A major (and frequent) pitfall of the Big Data projects consists of starting with a solution instead of starting with a problem. In particular, software vendors (Lokad's included) are pushing their own Big Data recipe which will randomly involve:
- SAP HANA
- Amazon EC2
- Windows Azure
However, the notion of "Big" data is very relative: cheap 1TB hard-drives are now available at your nearest supermarket, and very very few problems faced by companies, even very large ones, do require require more than 100 GB of data to process.
Usually, even the largest data sources of the largest companies do fit on a smartphone when properly represented.
Impedance mismatch of BIG frameworks
The performance achieved by well-known Big Data frameworks are mind-blowing: Facebook claims to process 100PB of data over Hadoop. That's massive, and massively impressive as well.
However, before jumping on Hadoop (or any similar Big Data frameworks), one has to really estimate the friction costs involved. While Hadoop is certainly simpler than say MPI, it's still a complicated distributed framework which do require a lot of skills to be properly and efficiently operated.
If the very same goal can be achieved on a single machine within a very acceptable timeframe, then, in my experience the dumb solution is going to be about 100x cheaper (*) and easier to run and to maintain compared to the "distributed" variant.
(*) I am not refering to hardware costs, but to wetware costs (aka people) which represents 99% of the cost anyway for virtually every company, minus a few social networks and search engines.
The untold story about Hadoop (and its peers) is that it works only if, and only if, the data is very meticuluously organized to be made suitable for a processing through the framework. If the data is incorrectly partioned, then Hadoop plus thousands of servers are no faster than a single machine.

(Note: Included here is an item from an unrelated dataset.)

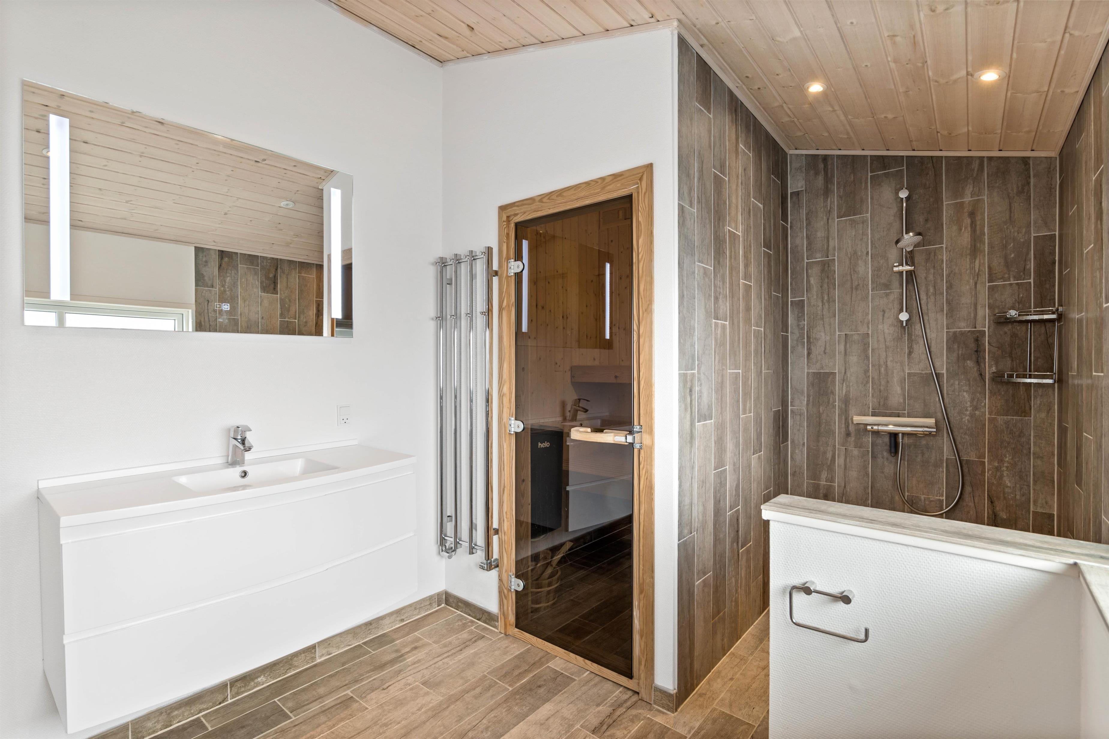This luxury holiday home at Tingodden 397 offers four spacious bedrooms with direct bathroom access, one featuring a sauna. All bathrooms are equipped with underfloor heating, so there's no need to queue for the facilities.

Enterprise Big Data start at 100MB
Facebook is facing Petabytes of data, that's millions of Gigabytes, but is really your company facing that much data? Do you need to plug that much data in to solve the problem at hand? Unless you work for a short list of about 100 companies on Earth, I seriously doubt it.
I observe that for most entreprises, "Big Data" starts at 100MB when:
- Excel is no more a solution.
- SQL is no more a solution (*)
(*) Yes, you can have a lot more than 100MB in a SQL database. However, reading the entire dataset through SQL needs to be done with care to avoid re-scanning the data thousands of times. In practice, in 90% of the data crunching situations, I observe that it's easier to remove the SQL database, as opposed to improve the performance of the queries over the relational database.
Facing the problems
Thus, whenever data is involved, the initiative should start by facing the problems that are the true roadblock to deliver a "solution". Those problems are typically:
- Collecting and servicing the data: About every single company I visit has problems on collecting and servicing the data. The most obvious symptom is typically the lack of documentation concerning the data itself, and all the nitty-gritty insights to need to make anything of it. No technology is going to solve that problem, only people and process.

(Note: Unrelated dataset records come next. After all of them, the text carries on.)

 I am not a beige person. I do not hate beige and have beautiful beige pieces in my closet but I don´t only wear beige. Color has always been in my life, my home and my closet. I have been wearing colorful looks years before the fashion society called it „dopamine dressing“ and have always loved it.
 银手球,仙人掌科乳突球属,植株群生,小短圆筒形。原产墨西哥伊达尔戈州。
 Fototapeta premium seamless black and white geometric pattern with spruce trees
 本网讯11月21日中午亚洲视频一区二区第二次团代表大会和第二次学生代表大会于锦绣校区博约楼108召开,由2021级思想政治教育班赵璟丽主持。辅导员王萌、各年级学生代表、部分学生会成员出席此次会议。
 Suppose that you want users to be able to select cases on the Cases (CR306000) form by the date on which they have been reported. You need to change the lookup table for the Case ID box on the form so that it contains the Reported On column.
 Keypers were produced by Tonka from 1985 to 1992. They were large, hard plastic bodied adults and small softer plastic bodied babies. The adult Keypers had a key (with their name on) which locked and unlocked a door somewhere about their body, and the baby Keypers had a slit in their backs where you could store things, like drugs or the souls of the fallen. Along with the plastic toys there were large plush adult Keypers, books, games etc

- Choosing the metrics to be optimized: They are so many parts of the business that could be improved through a smart exploitation of the data, that it is extremely tempting to think that some (hype) technology might be THE answer to everything. This is not going to happen. Solving a problem through data is tough, and without metrics, you don't even for sure you're moving in the right direction. Frequently, defining the metric - that is the problem to be solved - is harder than implementing the solution.
Thus, before jumping to next cool vendor solution, I urge to start by facing the very uncool aspects of the problem. Frequently, the "solution" consists of removing an ingredient of the previous solution.